Los rebeldes vigilaban la calle, por supuesto.
—De hecho... Estoy alojado en casa de Ezequías, el miembro del Sanedrín.
Al pronunciar el nombre de Ezequías, Filón se dio cuenta de que cierta vacilación flotaba en el ambiente, sin poder interpretarla como algo bueno o malo. Aun así, prosiguió:
—Seguí a Ezequías a casa de Jefté, justo después de que se descubriera el cuerpo. Ayer, durante el funeral, su hija me pidió que fuera a verla porque deseaba pedirme consejo.
Los tres rebeldes se giraron hacia el cuarto hombre, que durante el interrogatorio había permanecido impasible, como si esperaran una sentencia.
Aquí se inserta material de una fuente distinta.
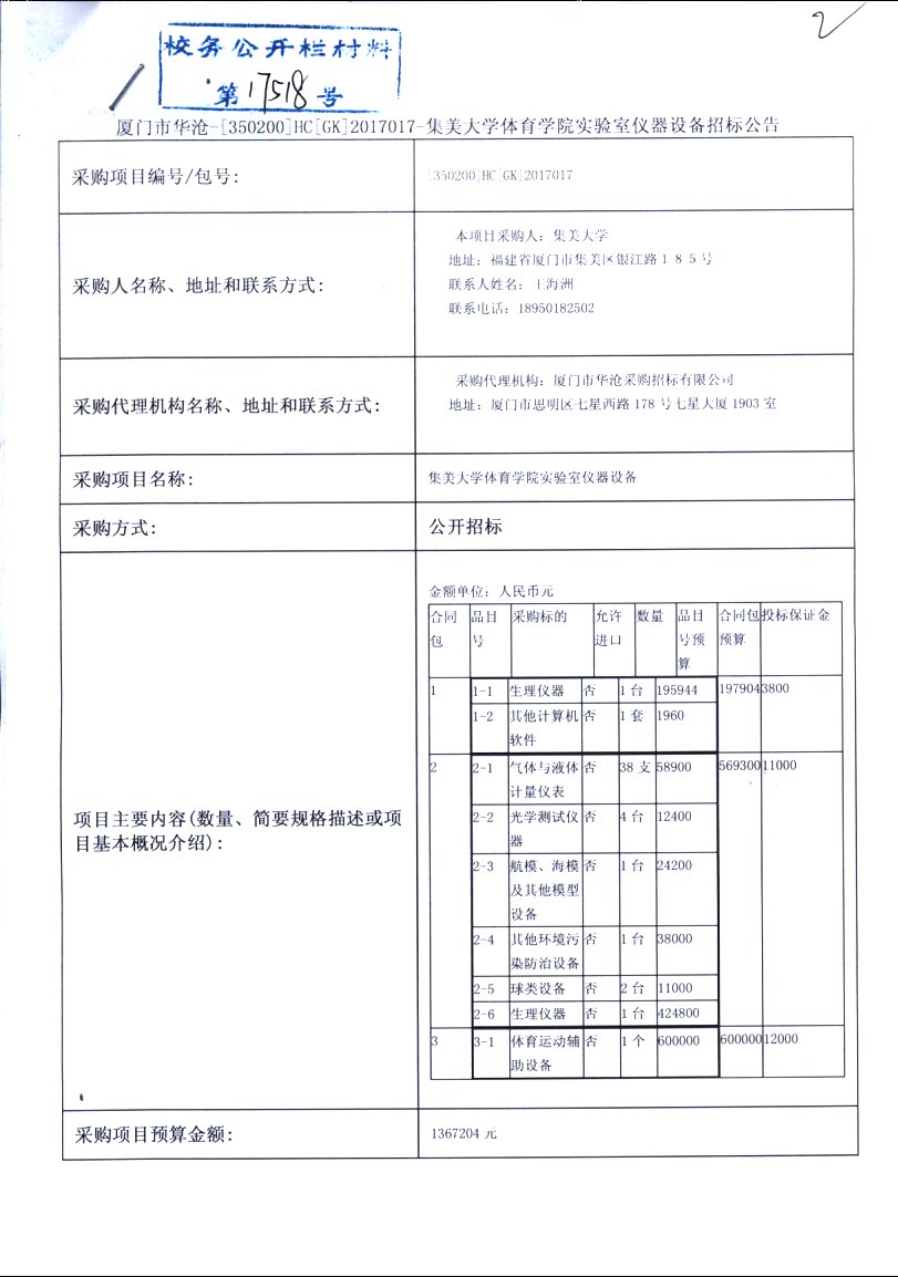厦门市华沧-[350200]HC[GK]2017017-集美大学体育学院实验室仪器设备招标公告

—Traed cerveza —dijo, al cabo de un momento—. Con pan y fruta. Y dejadnos a solas.
Los otros obedecieron sin decir palabra. El más joven regresó enseguida con lo que le habían pedido. Acatando un gesto del jefe, cogió también el puñal y cortó las ataduras de Filón. Éste se abalanzó con glotonería sobre la jarra de cerveza y el pan, sin preocuparse por la mirada de su anfitrión. Después, ya reflexionaría...
En cuanto se hubo recuperado un poco, Filón se puso a observar a su vez al hombre. Estaba de pie, apoyado de forma negligente sobre el bastón que había utilizado el asesino de Jefté para huir. Podía ser que hubiera sido él quien...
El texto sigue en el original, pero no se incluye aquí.